Wednesday, July 1, 2009

Introduction to Auto-insurance



Automobile insurance protects against damage to a policyholder’s car and most liabilities that could arise from operating that car. Most U.S. states allow drivers to satisfy their financial responsibility for the costs of auto accidents by obtaining insurance in three categories of liability coverage: (1) for injury to any one person, (2) for injury to two or more people, and (3) for damage to another person’s property. An increasing number of states are requiring drivers to obtain auto insurance by law.Thus it can be defined as the insurance policy done against the auto-mobile is called auto-insurance which is widely accepted by all over the world.
In other words,
Automobile insurance is the most complicated kind of insurance purchased by individuals. It combines several kinds of property and liability coverage.
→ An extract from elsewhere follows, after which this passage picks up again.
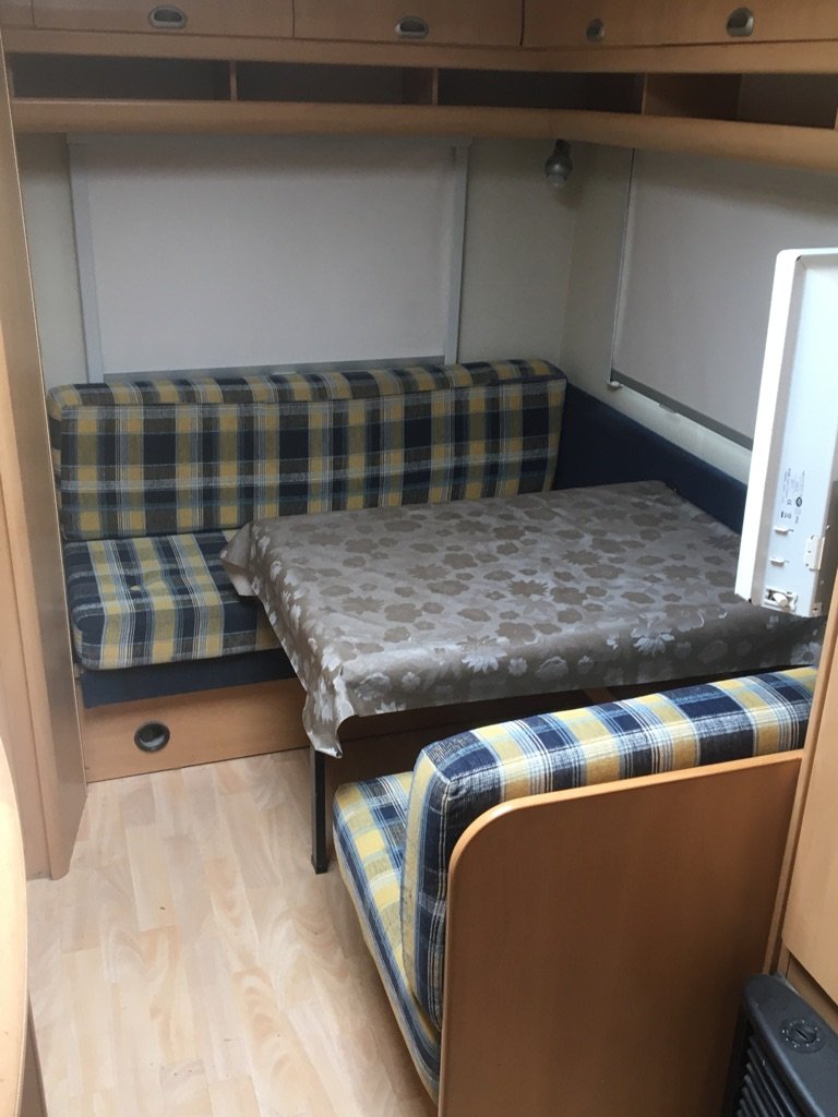 -Grande dinette se transformant en lit ( mon mari prefere un lit fixe et manger dans le auvent mais moi je pense au jour de pluie , vent , froid , moustiques )
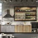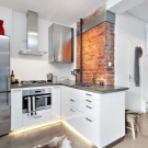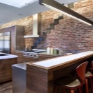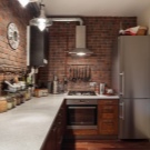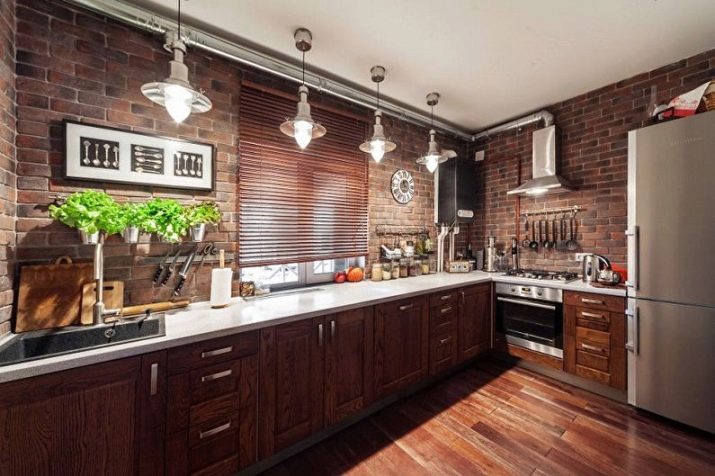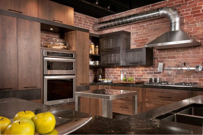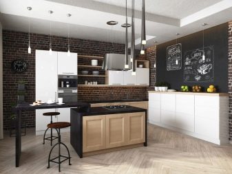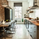 In loft-style kitchens, brick is still the most popular option. At the same time, brick walls are best placed on the sides and opposite the area where you will work with products. A for the working area, it is better to prefer something more practical, for example, wallpaper or plaster. In small kitchens, designers advise using bleached brick or making matte, rough walls of a light color.

The standard automobile policy includes collision insurance, covering property damage to a car when it is struck by another vehicle, and comprehensive insurance, covering general property damage that occurs when an automobile is damaged by something other than another vehicle. In other words, a dented fender resulting from another automobile's backing into it is insured with collision coverage, while the windshield broken by a poorly thrown baseball is covered under comprehensive insurance. Automobile insurance also includes a variety of liability coverages, including general liability—called bodily injury liability coverage—and medical payment insurance. The automobile policy, however, covers liabilities that occur when an uninsured motorist is involved in an accident with an insured driver and creates liabilities for both. Property damage liability insurance pays for damage to other people's property caused by the insured automobile. For example, damage caused by backing a car into a neighbor's garage is paid for by such a policy. Automobile insurance underwriters charge premiums based on classes of drivers and their safety records. Generally drivers who have had accidents pay more for automobile insurance than do drivers who have had none. Charging by classes of drivers may seem unfair to the individual. For example, a young driver, even with a good safety record, pays a higher premium than a comparable older driver because younger drivers as a class have poorer safety records. According to insurance records, the worst drivers—and thus the most expensive drivers to insure—are unmarried males between the ages of 15 and 25. Companies generally offer premium discounts for good students, drivers who have more than one car, and drivers who own larger, low-powered cars, which tend to incur little damage in accidents.